--- Data provided ---

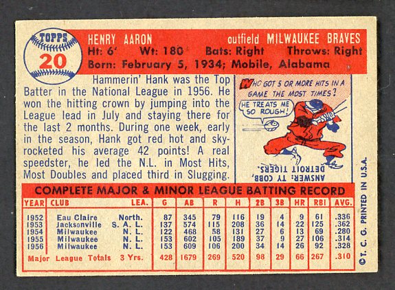 1957 Topps Baseball #020 Hank Aaron Braves NR-MT 538620
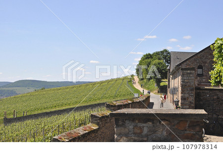 ドイツ、リューデスハイムから住宅地を抜け丘の上にある聖ヒルデガルト修道院の敷地内の風景
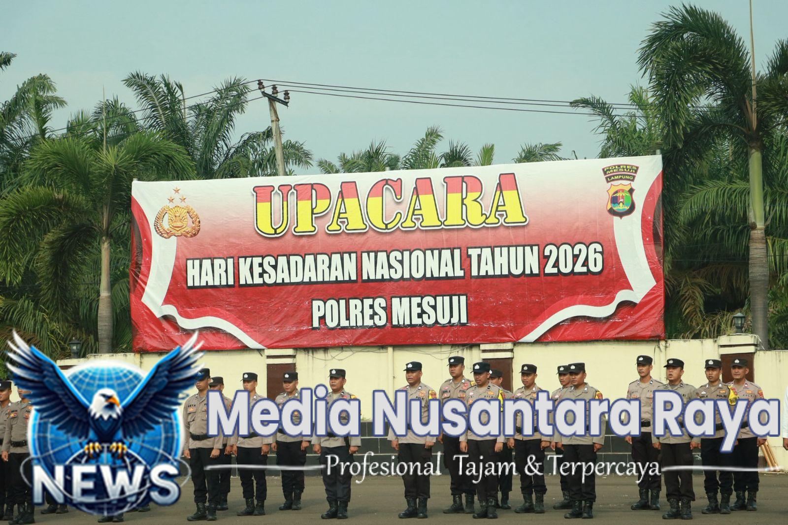 MESUJI // NUSANTARARAYA.COM / jajaran Polres Mesuji Polda Lampung melaksanakan upacara hari kesadaran nasional tahun 2026, upacara dilaksanakan di lapangan apel Mapolres setempat.
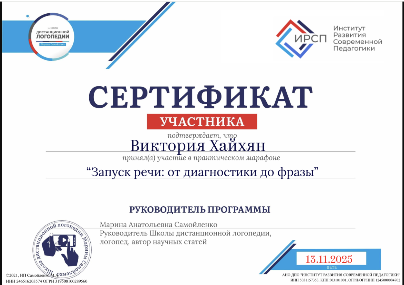 Сертификат участия в практическом марафоне "Запуск речи: от диагностики до фразы". Школа дистанционной логопедии . 13.11.2025г.
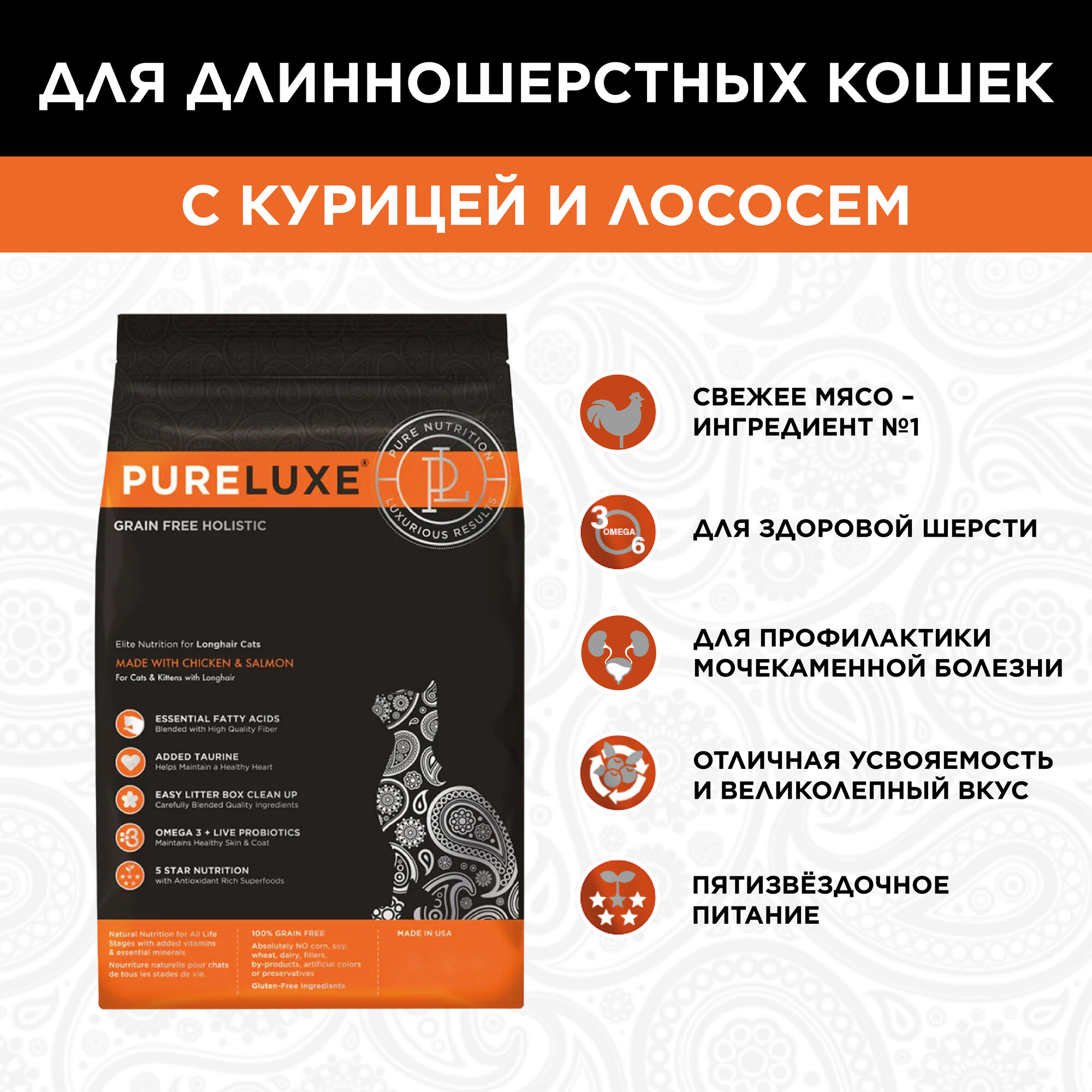 Сочетание ненасыщенных омега-3 и омега-6 жирных кислот, витамина E и цинка в легко доступной хелатной форме оказывают максимальный эффект на здоровье кожи, способствуют устранению перхоти, придают блеск и эластичность шерсти.
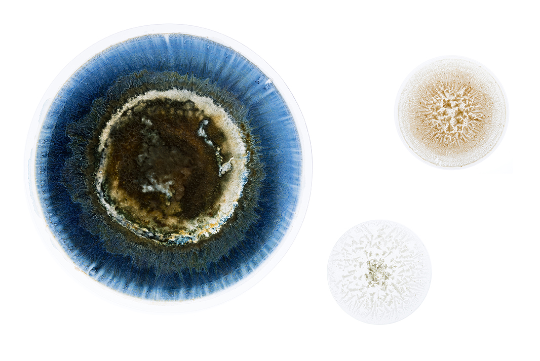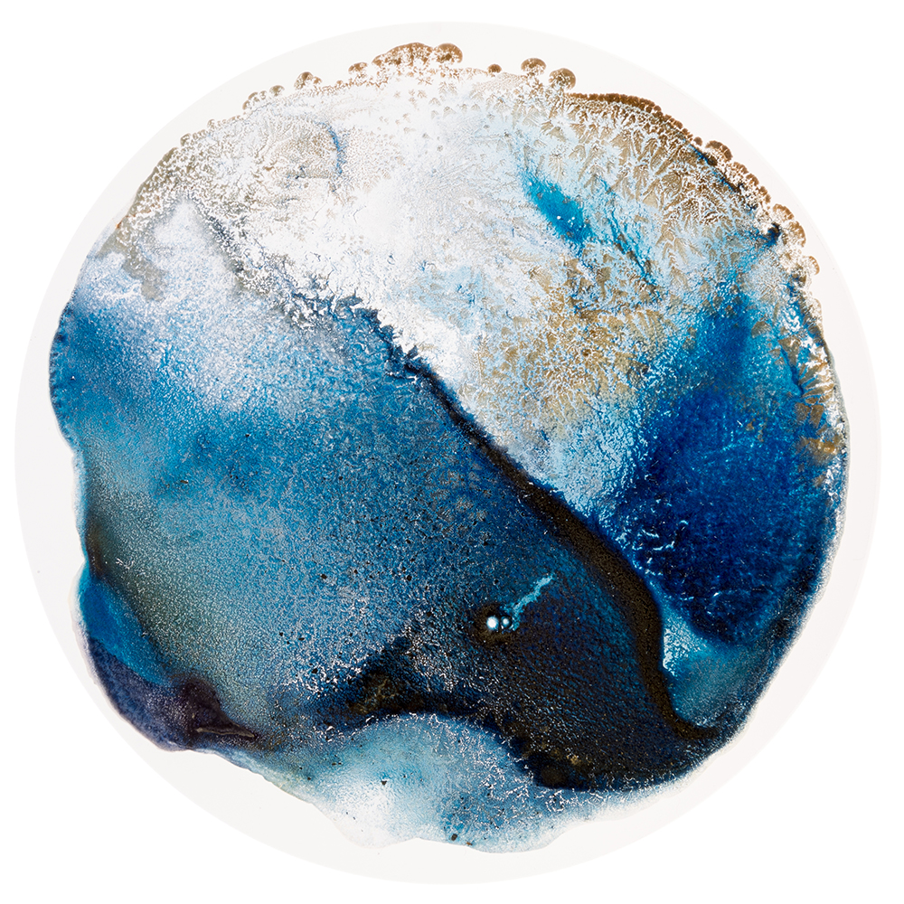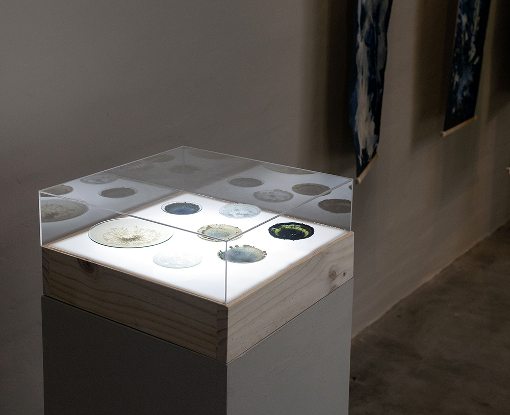 @Paola Dávila, Salar (Salt) series (watch glass), seawater sediments, Laminariales, and cyanotype emulsion on watch glass
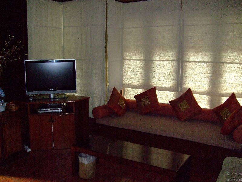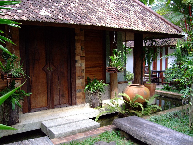 Bemerkenswert ist vor allem die Gartenanlage: Zahlreiche Wassergräben und unzählige Orchideen schmücken den schattigen Garten.
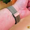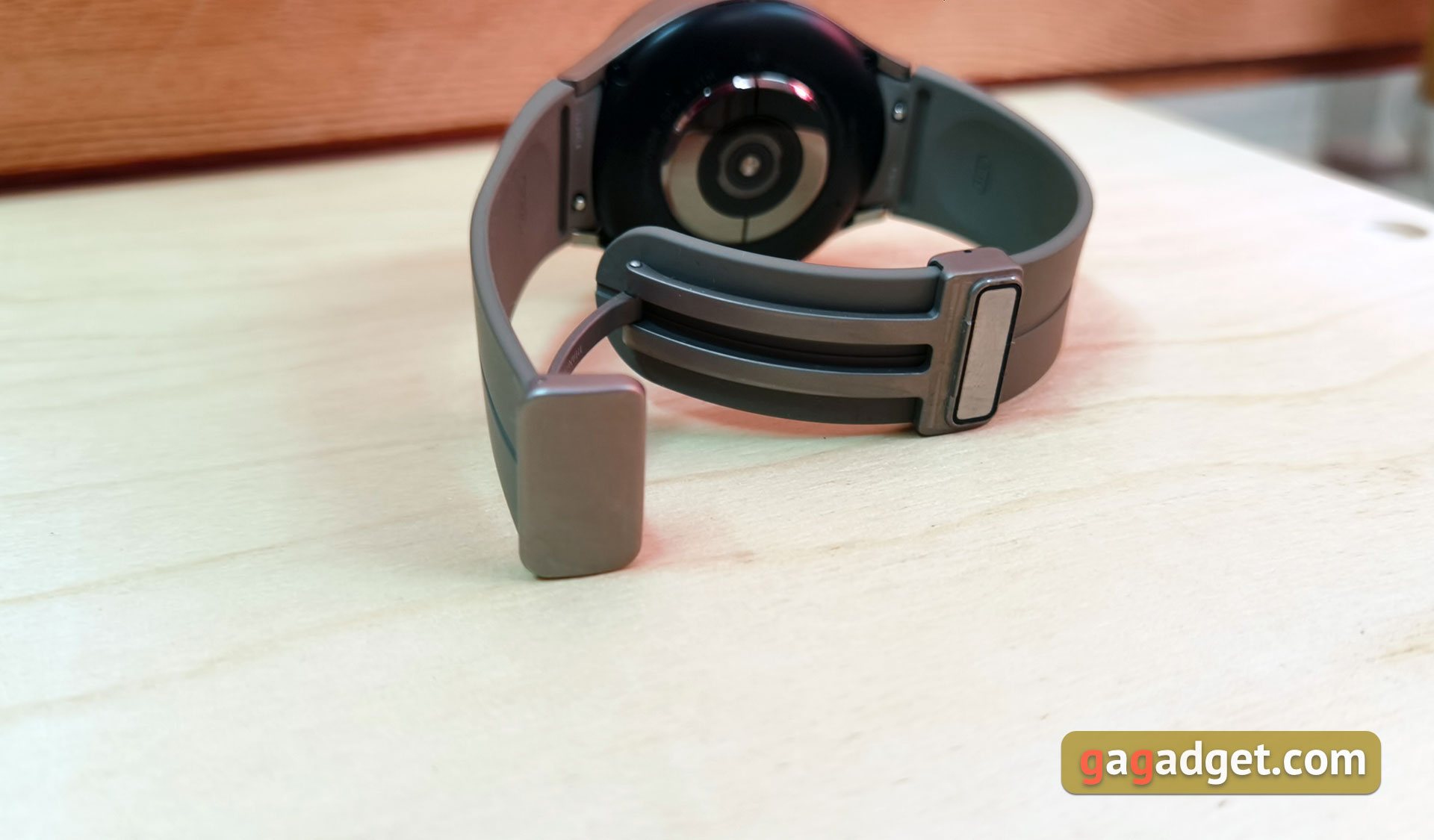 Samsung Galaxy Watch5 Pro posiada w zestawie silikonowy pasek w odpowiednim kolorze. Jest przyjemna w dotyku, wygodna i dość elastyczna. Wersja Pro posiada również nietypowe magnetyczne zapięcie, które również wykonane jest z tytanu o tym samym kolorze co sam smartwatch. Zapięcie to ma zarówno pozytywne, jak i negatywne strony. Jest to bardzo wygodne podczas bezpośredniego korzystania z Samsunga Galaxy Watch5 Pro. Konstrukcja nie przewiduje jednak całkowitego oddzielenia części paska, co nie jest zbyt wygodne podczas ładowania z bezprzewodowych ładowarek innych firm lub ze smartfona.
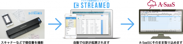 Streamedは、スマートフォンのカメラやスキャナーで領収書を読み取るだけで、オペレーターが手入力で正確にデータ化し、支払先の業種に応じて自動的に仕訳を起票することができるクラウド経費管理サービスです。Streamedで起票された仕訳データは、A-SaaSに取り込み可能なCSVファイルとして出力が可能です。
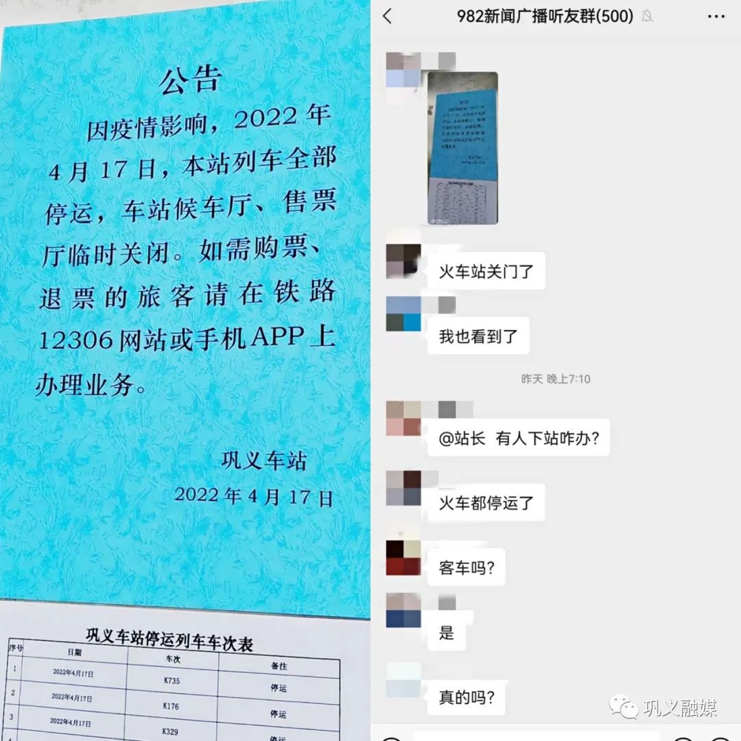 一条“巩义火车站列车停运”的消息
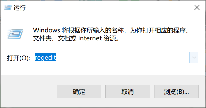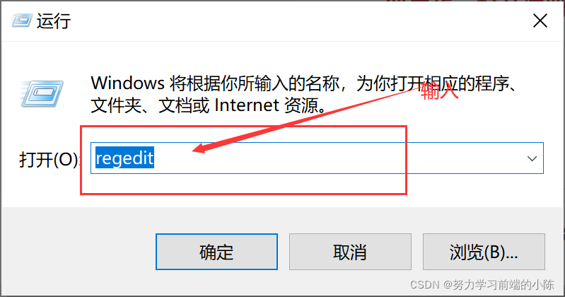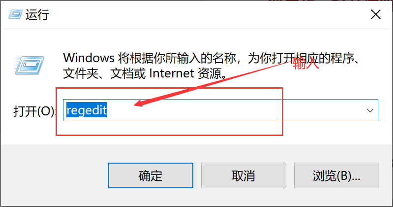 第二步:打开注册表:输入 regedit ,点击“确定”。弹出”注册表编辑器”。
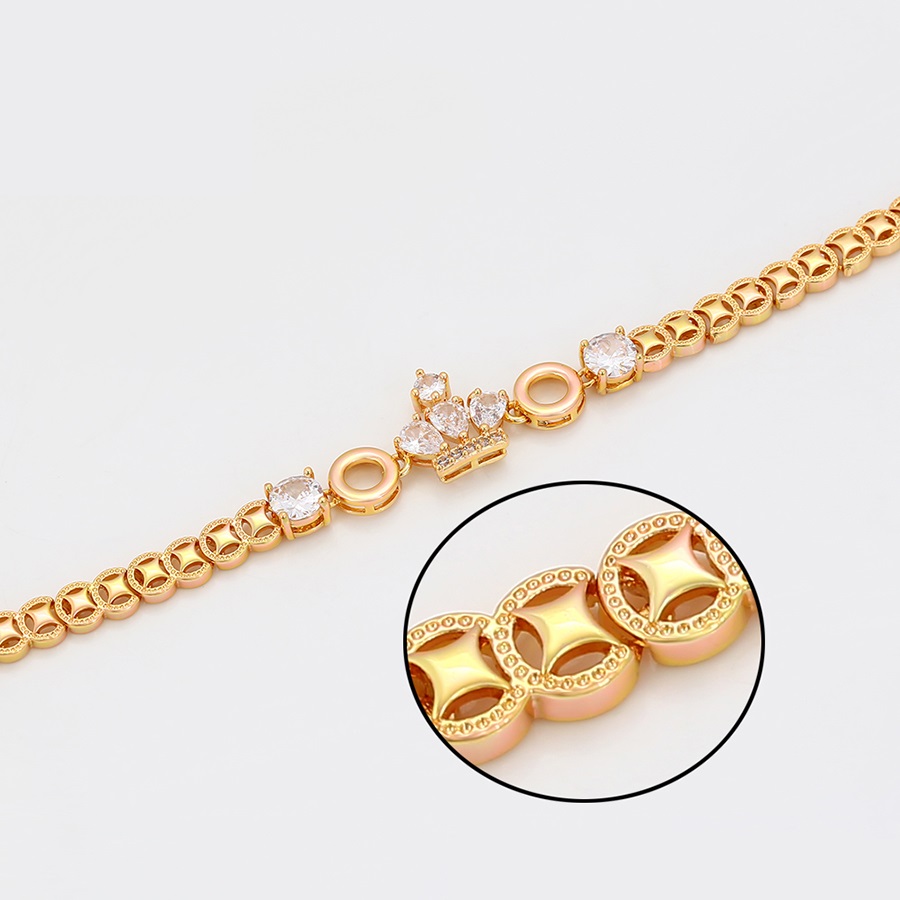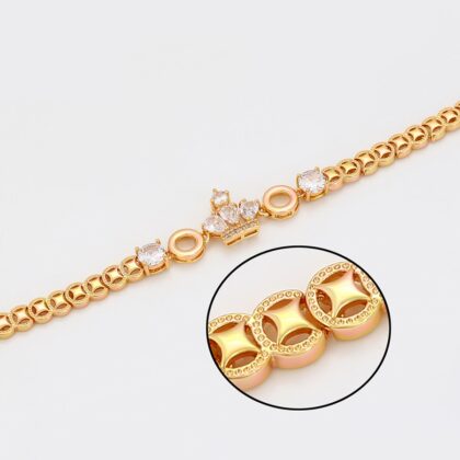 Bratara placata aur model fundite este o bijuterie elegantă și rafinată, potrivită pentru a fi purtată în orice ocazie specială sau pentru a completa cu stil ținutele de zi cu zi. Aceasta este realizată dintr-un material de bază, care poate fi de obicei alamă sau aliaj de oțel, acoperit cu un strat subțire de aur. Datorită finisajului placat cu aur, brățara capătă un aspect luxos și strălucitor asemănător aurului veritabil.

---

> **Problem to solve**
With the pictures removed, the entries above should be transcribed exactly.

> **Task output**
 1957 Topps Baseball #020 Hank Aaron Braves NR-MT 538620
 ドイツ、リューデスハイムから住宅地を抜け丘の上にある聖ヒルデガルト修道院の敷地内の風景
 MESUJI // NUSANTARARAYA.COM / jajaran Polres Mesuji Polda Lampung melaksanakan upacara hari kesadaran nasional tahun 2026, upacara dilaksanakan di lapangan apel Mapolres setempat.
 Сертификат участия в практическом марафоне "Запуск речи: от диагностики до фразы". Школа дистанционной логопедии . 13.11.2025г.
 Сочетание ненасыщенных омега-3 и омега-6 жирных кислот, витамина E и цинка в легко доступной хелатной форме оказывают максимальный эффект на здоровье кожи, способствуют устранению перхоти, придают блеск и эластичность шерсти.
 @Paola Dávila, Salar (Salt) series (watch glass), seawater sediments, Laminariales, and cyanotype emulsion on watch glass
 Bemerkenswert ist vor allem die Gartenanlage: Zahlreiche Wassergräben und unzählige Orchideen schmücken den schattigen Garten.
 Samsung Galaxy Watch5 Pro posiada w zestawie silikonowy pasek w odpowiednim kolorze. Jest przyjemna w dotyku, wygodna i dość elastyczna. Wersja Pro posiada również nietypowe magnetyczne zapięcie, które również wykonane jest z tytanu o tym samym kolorze co sam smartwatch. Zapięcie to ma zarówno pozytywne, jak i negatywne strony. Jest to bardzo wygodne podczas bezpośredniego korzystania z Samsunga Galaxy Watch5 Pro. Konstrukcja nie przewiduje jednak całkowitego oddzielenia części paska, co nie jest zbyt wygodne podczas ładowania z bezprzewodowych ładowarek innych firm lub ze smartfona.
 Streamedは、スマートフォンのカメラやスキャナーで領収書を読み取るだけで、オペレーターが手入力で正確にデータ化し、支払先の業種に応じて自動的に仕訳を起票することができるクラウド経費管理サービスです。Streamedで起票された仕訳データは、A-SaaSに取り込み可能なCSVファイルとして出力が可能です。
 一条“巩义火车站列车停运”的消息
 第二步:打开注册表:输入 regedit ,点击“确定”。弹出”注册表编辑器”。
 Bratara placata aur model fundite este o bijuterie elegantă și rafinată, potrivită pentru a fi purtată în orice ocazie specială sau pentru a completa cu stil ținutele de zi cu zi. Aceasta este realizată dintr-un material de bază, care poate fi de obicei alamă sau aliaj de oțel, acoperit cu un strat subțire de aur. Datorită finisajului placat cu aur, brățara capătă un aspect luxos și strălucitor asemănător aurului veritabil.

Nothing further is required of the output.